Do tax cuts help create investment?
Roughly speaking, trickle-down economics is lowering taxes on wealthy individuals and businesses, hoping they will invest more money in communities.
The UCP won the 2019 election on promises to lower taxes and cut spending to kickstart the economy. However, their controversial 2019 budget has the opposition NDP calling the tax cut “a gift to corporations” that hurts Albertans.
For most people, it’s hard to evaluate directly conflicting claims made by both parties. This rhetoric seems to be contributing to increasing polarization in Alberta politics.
We solicited University of Calgary associate professor of economics Trevor Tombe to discuss the nuances of this complex political discussion.
It turns out this debate is more complicated and multi-faceted than either party’s oversimplified political messaging would let on.
Does trickle-down economics increase investment?
When evaluating the effectiveness of tax cuts with the goal of increasing investment, Tombe believes the first question we need to ask is “will this policy increase investment?” According to Tombe, the answer is “probably.”
“There is a lot of evidence that shows there is a link between amount of tax on income and the amount of investments you get,” said Tombe.
Tombe notes the NDP also used tax policies while in office with the same goals. For instance, the NDP government created the Alberta Investor Tax Credit in 2016. They designed it to increase investment by way of lowering taxes on investment.
“The prior NDP government also enacted policies to lower the tax on investment, they’ve just chosen a different policy instrument to do so.”
However, Tombe believes the debate shouldn’t stop here. There are several important considerations that Albertans need to evaluate before we can pass judgement on this budget.
Trickle-down economics and trade-offs
“There is no policy that doesn’t come with trade-offs,” said Tombe.
Something people need to consider is what the government could have done with the money used for the tax cut.
According to Tombe’s research, the Alberta government will take in $1 billion less tax money per year because of the UCP’s Job Creation Tax Cut.
“In that sense, there’s a trade-off, in that those dollars could’ve been used in other ways,” said Tombe. “Debating the costs and benefits of alternative uses is entirely valid and appropriate.”
Another factor is time. According to Tombe, the time required for these policies to have real effects would be almost 4 years.
He cautions people to avoid reacting to immediate job losses or gains and tying them to the Job Creation Tax Cut. One recent example of this is the anger people have directed at Encana for moving its head office out of Calgary. Another is the anger at Husky Energy for hundreds of layoffs despite the tax cuts.

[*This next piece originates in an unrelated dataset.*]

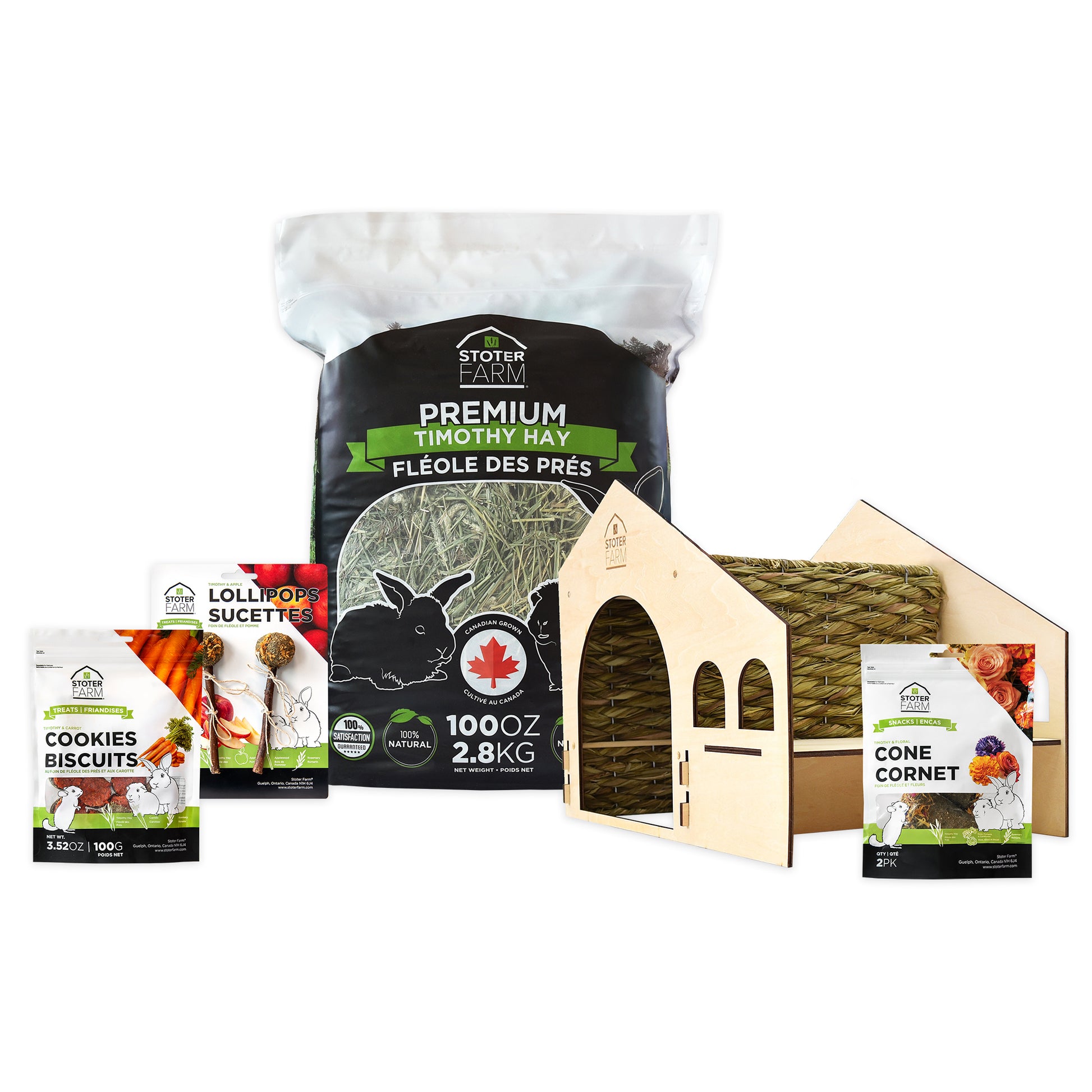 Celebrate the holidays with the Stoter Farm Holiday Bundle, designed to delight small pets. This festive collection features premium Timothy hay for healthy chewing and digestion, a Roof Top Condo pet house for cozy play, and seasonal treats like mini carrot cookies, floral lollipops, and Timothy & Floral cones. Perfect for rabbits, guinea pigs, and other small animals, this bundle encourages foraging, exploration, and snacking, bringing festive joy and enrichment to every day.
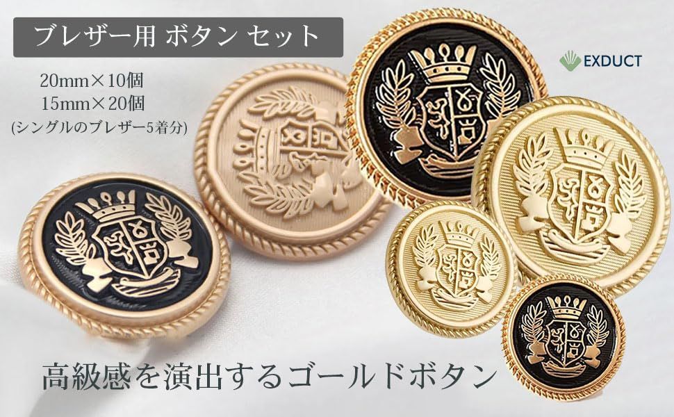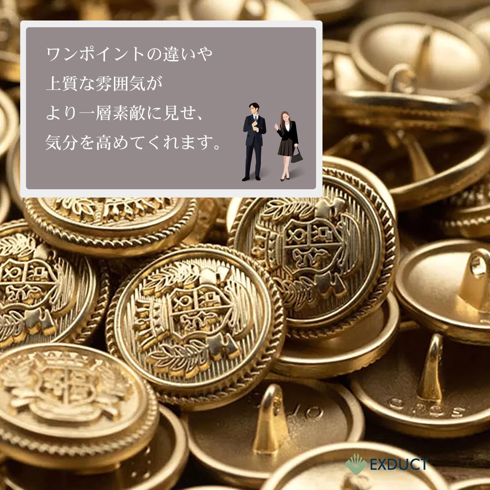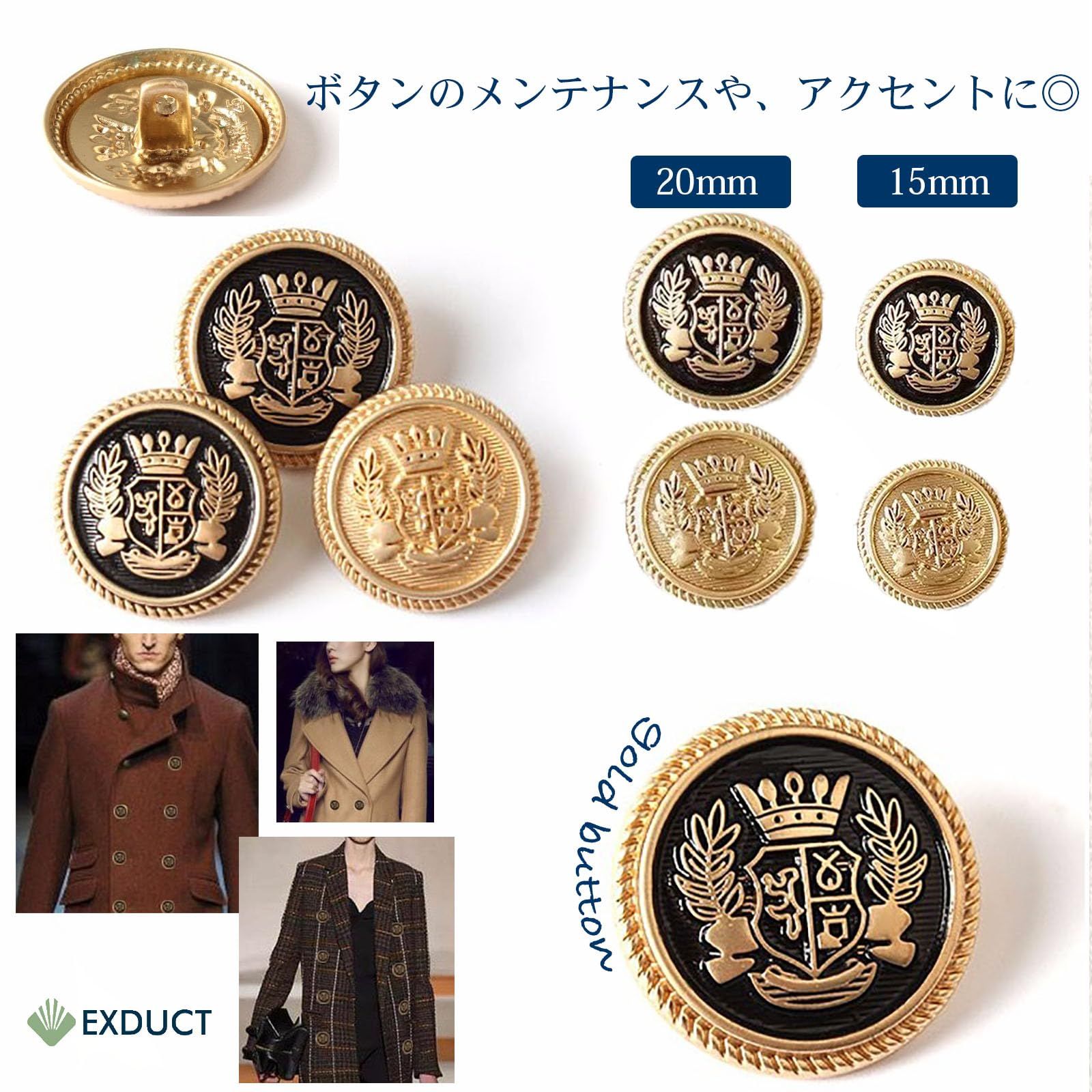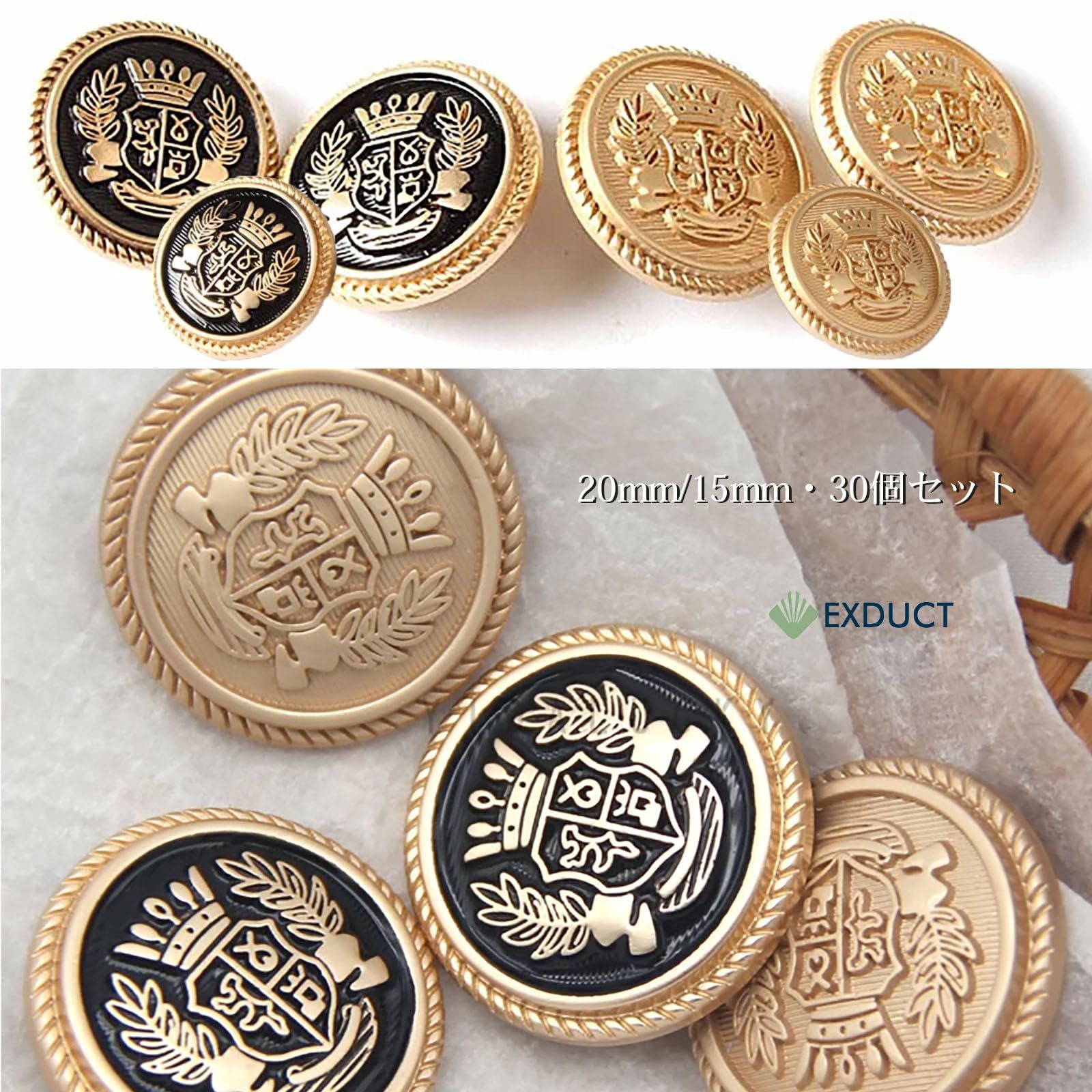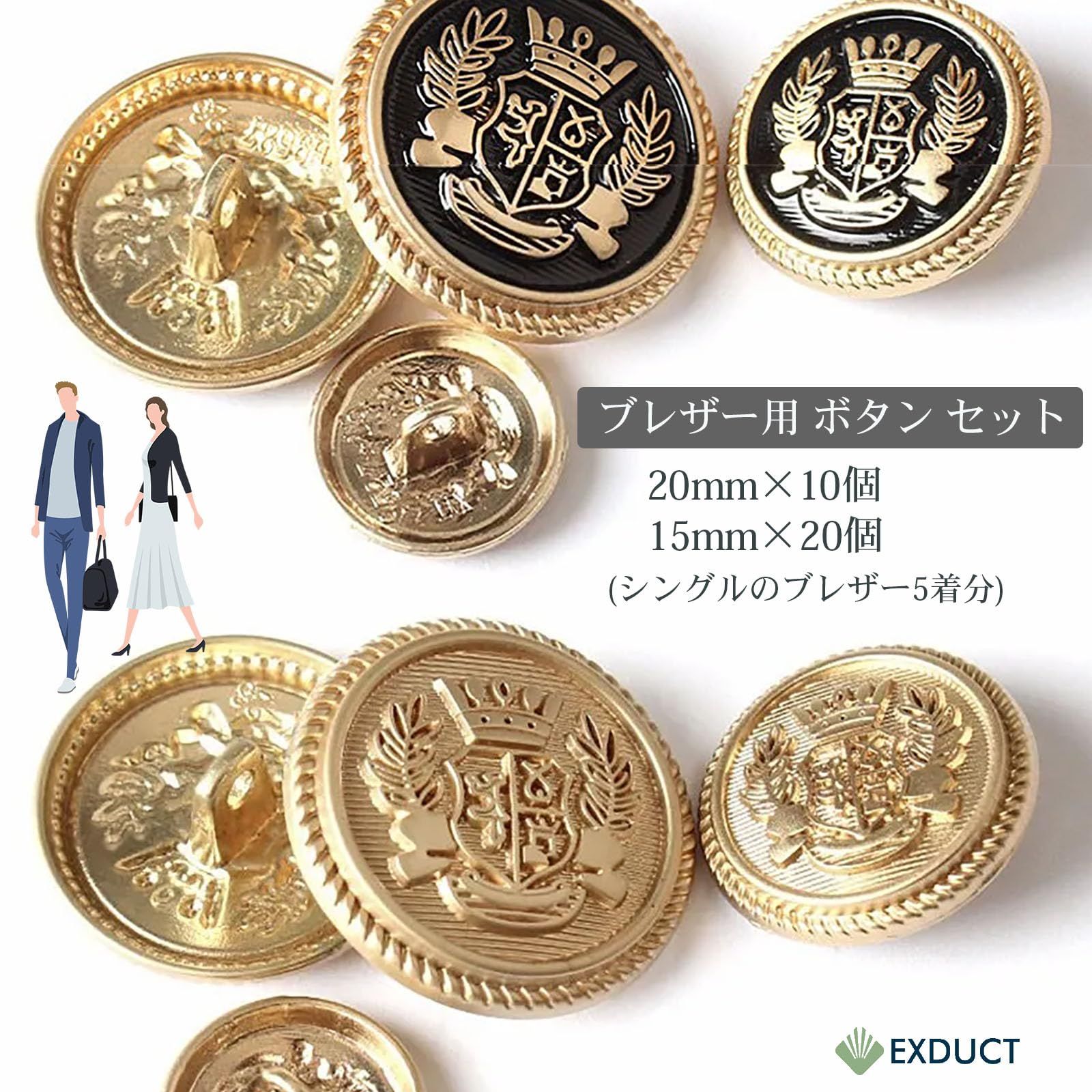 手芸 ボタン 前ボタン スーツ 20mm 10個 袖ボタン ブレザー 15mm 20個 EXDUCT シングル5着分 (ゴールド)

“It takes some time for these rate changes to manifest themselves into business decisions,” said Tombe. “In the short term, we really shouldn’t be trying to draw any connection yet.”
Also, there is the consideration of how companies will use this tax cut.
Will companies take the money from the tax cut and invest those dollars in Alberta by building factories or hiring employees?
Or will they choose to accept the tax benefit as a nominal gain, and not invest further money in the province?
Provincial sales tax possibilities
Another problem with the current debate is the lack of discussion about legislating a sales tax. People widely consider it a plausible solution that could help Alberta’s financial situation without huge spending cuts.
The UCP used the MacKinnon Report on Alberta’s Finances to rationalize spending cuts. However, the report only explored cuts as a strategy to balance the budget. They were not permitted to look into implementing a sales tax.
“If we want to increase spending in other areas, we don’t need to fund it with a corporate income tax. We can fund it with a sales tax, and that should be part of the conversation too,” said Tombe.
Ultimately, Tombe believes having a robust public debate detailing the pros and cons of different spending priorities mixed with a debate about different revenue sources should be “what budget debate should focus on.”
Unfortunately, what citizens are getting now is two parties throwing mud and dividing the population, instead of a nuanced discussion about the real benefits and downsides of government policy that affects everyone.